Question

The vapour pressures of ethanol and methanol are 42.0 mm of Hg and 88.5mm of Hg, respectively. An ideal solution is formed at the same temperature by mixing 46.0 gm of ethanol and 16.0 gm of methanol. The mole fraction of methanol vapour is:
A.0.467
B.0.502
C.0.513
D.0.556:

Answer 1

Hint:
Mole Fraction of A in a solution of A and B can be calculated using the formula:
${X_A} = \dfrac{{n.A}}{{n.A + n.B}}$
Where ${X_A}$ = Mole Fraction of A
n.A = No. of Moles of A
n.B = No. of Moles of B

Complete step by step answer:
We are given a solution of ethanol and methanol.

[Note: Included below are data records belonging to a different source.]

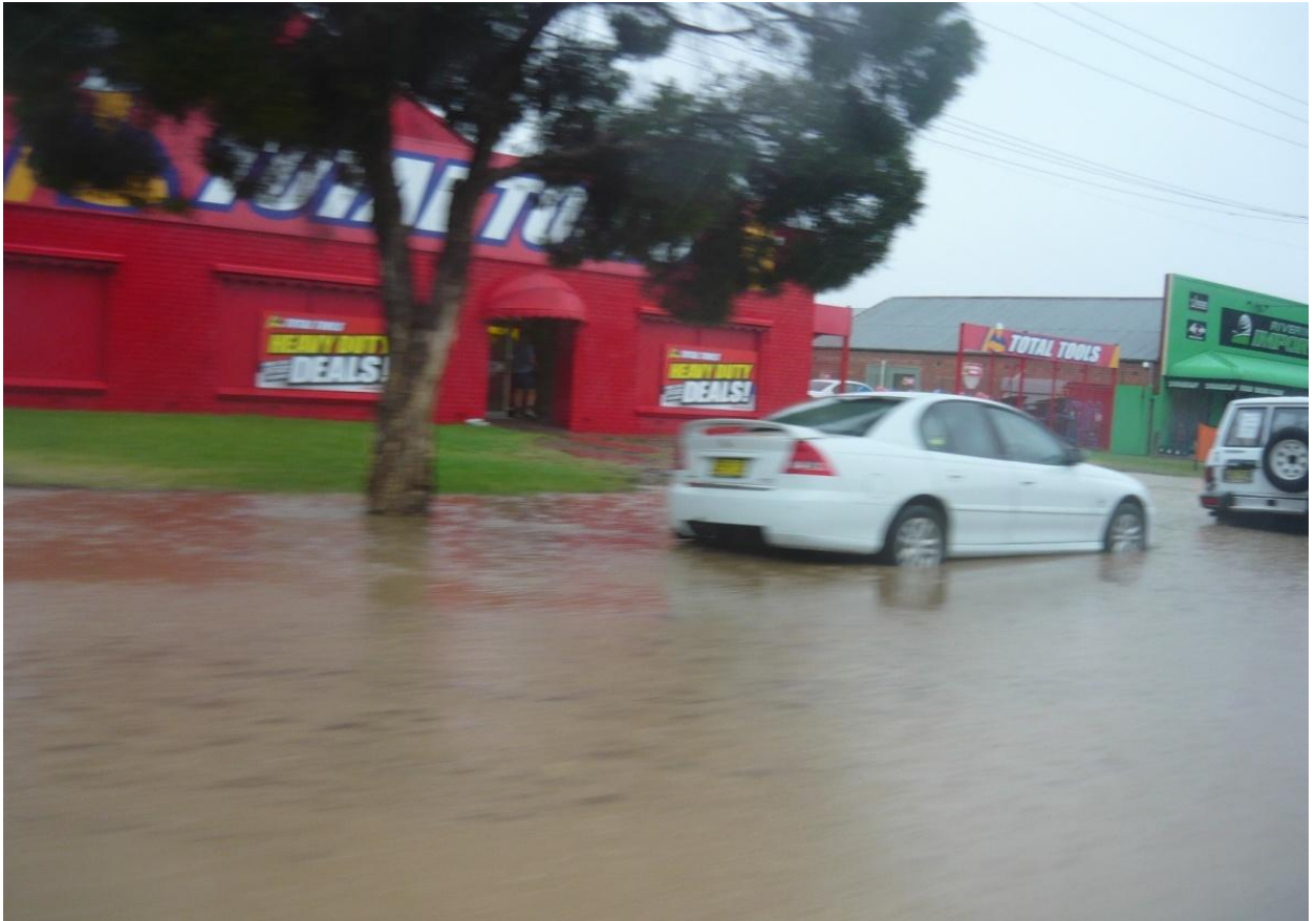
Figure 10A - Dobney Avenue
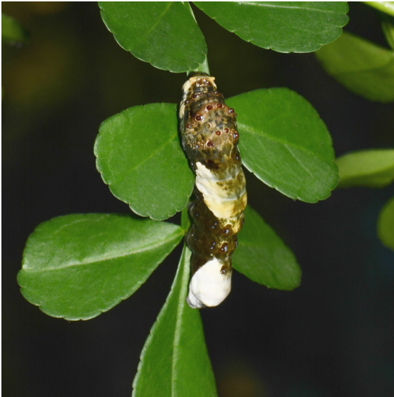
Photo by Roger Hammer. Photograph belongs to the photographer who allows use for FNPS purposes only. Please contact the photographer for all other uses.
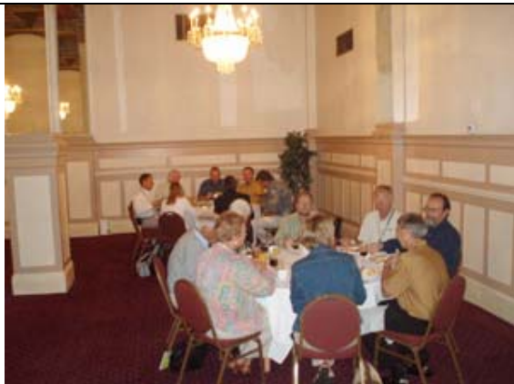
Sustaining Member Breakfast attendees.
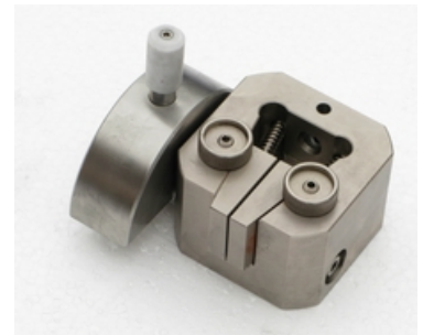
TH243-20+TK Option (for TH243-20 and TH243-50)
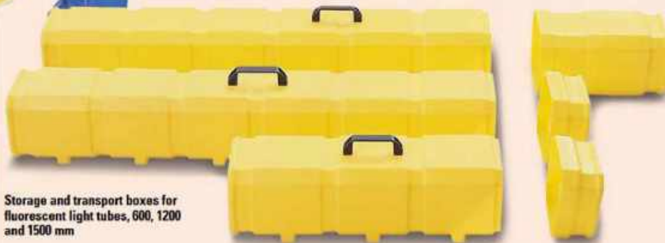
Storage and transport boxes for fluorescent light tubes, 600, 1200 and 1500 mm
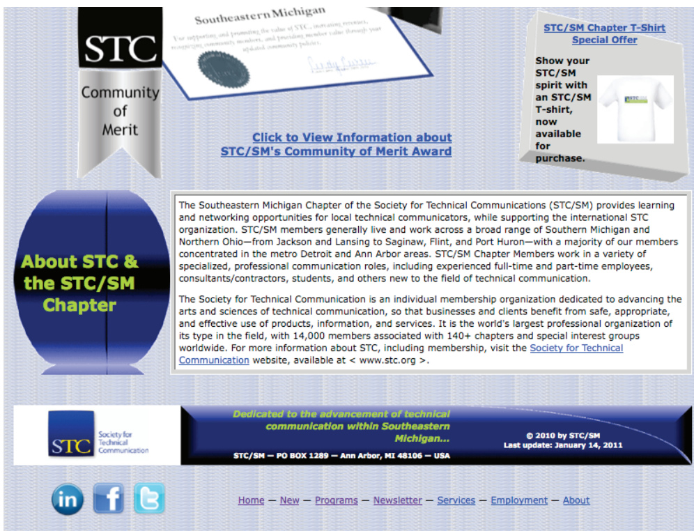
Figure 2: Home Page Bottom (1024 x 768 resolution, 17 inch monitor, window maximized)
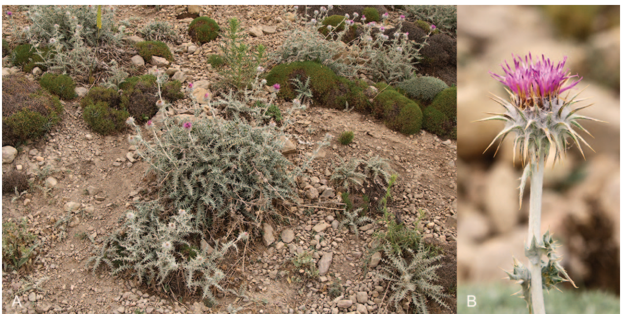
Fig. 2. Cousinia saloukensis at its type locality – A: mature individuals along with young plants; B: flowering head.

Systematic affinities — Morphologically Cousinia saloukensis is most similar to C. polyneura Rech. f. of C. sect. Eriocousinia from eastern Afghanistan. This lat-
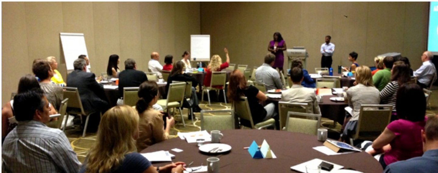
Q&A at the Mid Year Meeting

For the third year running, USGBC dove into summer by convening our key volunteer leadership from across the country and even a few from other parts of the world at our annual mid-year meeting (affectionately known by the USGBC team as MYM). This year, our community descended upon steamy Indianapolis, Indiana, which managed to be hotter than the other two previous two locations – Stone Mountain, GA and San Antonio, TX.
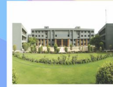
United College of Engineering & Research, Allahabad
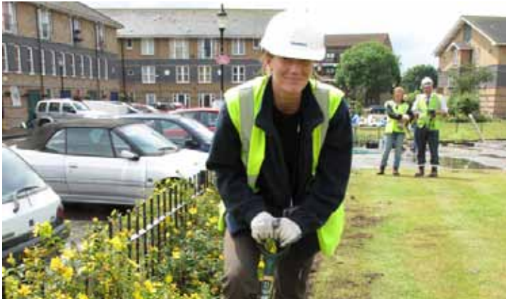
ODA and contractor staff help create flowerbeds in Leabank Square as part of London 2012 Sustainability Week.

Over the last few years we have worked with local people living around the Olympic Park in a number of different ways. Along with doing our best to minimise the impact of construction, we have worked with you on and off the Park, at events and volunteering days, on visits and through the Education Programme. Here are some of the highlights!
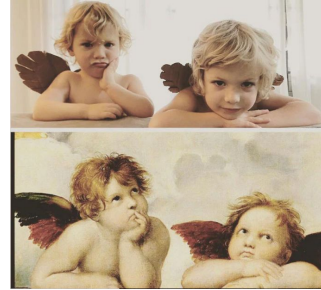
Reenact a work of Art
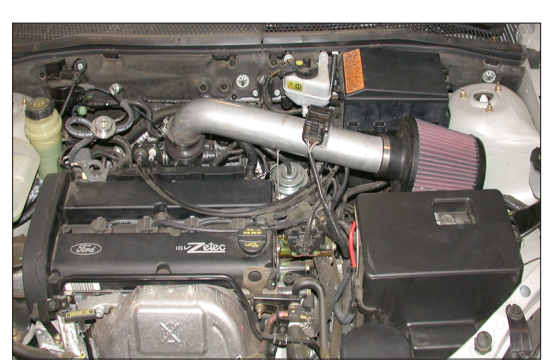
15. Reconnect the vehicle's negative battery cable. Double check to make sure everything is tight and properly positioned before starting the vehicle.
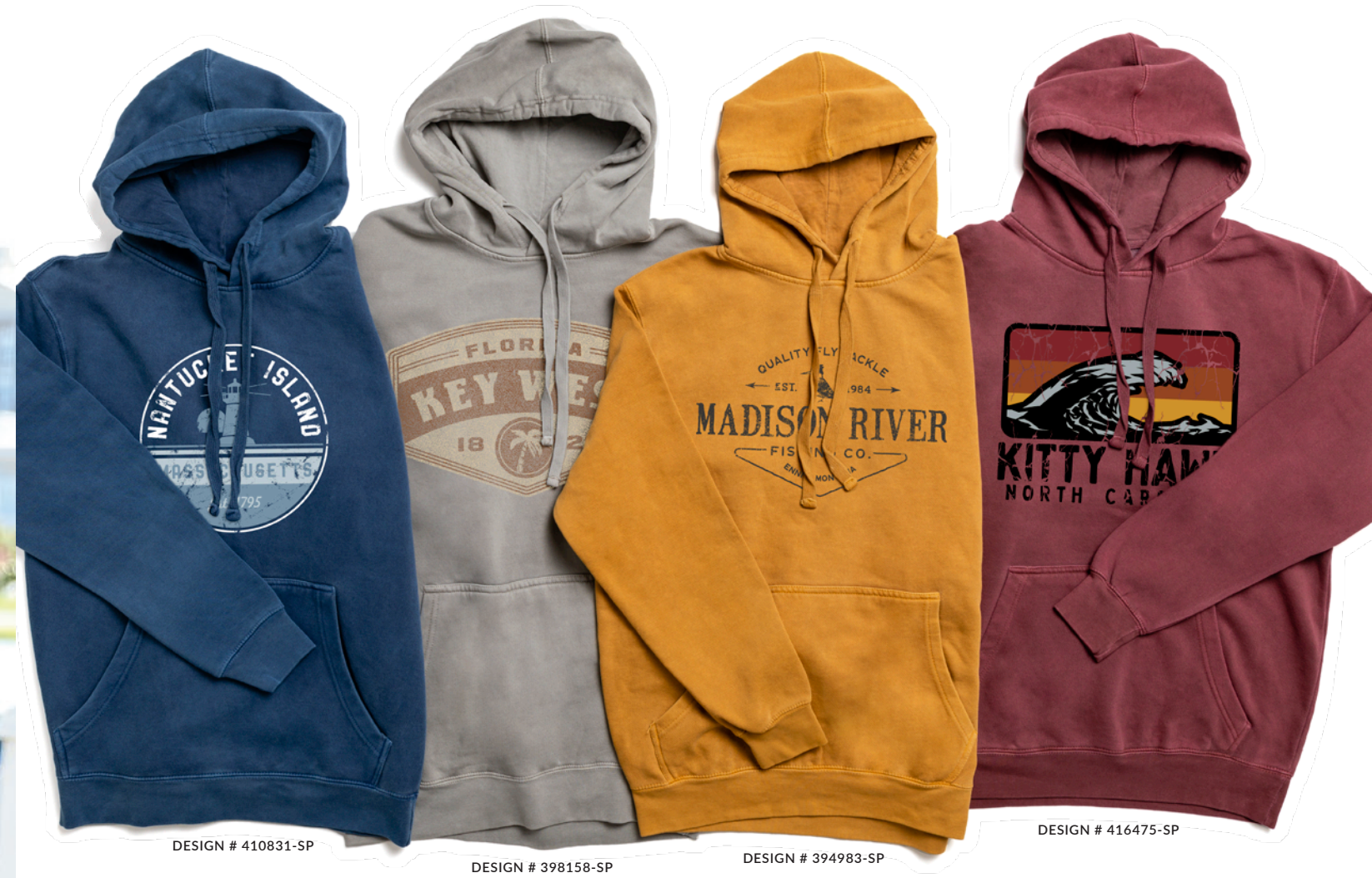
DESIGN # 410831-SP

Moreover, it is an ideal solution, so we can eliminate the possibility that there is any impurity in the solution that might affect our calculations.
When trying to use the above given formula in our question, substitute A for Methanol and B for methanol.
Hence,
${X_{C{H_3}OH}} = \dfrac{{n.C{H_3}OH}}{{n.C{H_3}OH + n.{C_2}{H_5}OH}}$
Now, since we do not have the values for the number of moles for either Ethanol or Methanol,
We can calculate the number of moles using the following formula:

${\text{No}}{\text{. of Moles of A = }}\dfrac{{{\text{Weight of the given sample of A}}}}{{{\text{Atomic/molecular weight of A}}}}$

Now,
Calculating the molecular weights of ethanol and methanol we get:
mol. weight of methanol = 1(atomic weight of carbon) +4(atomic weight of hydrogen)
+1(atomic weight of oxygen)
= 1(12) +4(1) + 1(16)
= 32 gm/mol

mol. weight of ethanol = 2(atomic weight of carbon) +6(atomic weight of hydrogen)
+1(atomic weight of oxygen)
= 2(12) +6(1) +1(16)
= 46m/mol

Substituting the above derived values in the formula for calculating the Mole Fraction, we get;

$\dfrac{{\dfrac{{16}}{{32}}}}{{\dfrac{{16}}{{32}} + \dfrac{{46}}{{46}}}} = \dfrac{{0.5}}{{1.5}}$
Hence, \[{X_{C{H_3}OH}} = \dfrac{1}{3}\]
In any given solution, when we add the mole fractions of all constituents, we get the sum to turn out as 1.
Using the same theory, we can calculate the mole fraction of ethanol.
i.e., ${X_{{C_2}{H_5}OH}} = \dfrac{2}{3}$
Now, the total pressure can be calculated using the following relation,
where a = ethanol
  b = methanol
${P_{total}} = X{}_a{P_a} + X{}_b{P_b} = 42 \times \dfrac{2}{3} + 88.5 \times \dfrac{1}{3} = 57.5$mm of Hg
So, the mole fraction of methanol vapor = $\dfrac{{{P_b} \times {X_b}}}{{{P_{total}}}} = \dfrac{{88.5 \times \dfrac{1}{3}}}{{57.5}} = 0.513$

Hence, Option C is the correct answer.

Note:
Mole fraction is also known as molar fraction. Mole fraction is temperature independent. When added together the mole fraction of all components of a solution will be equal to 1.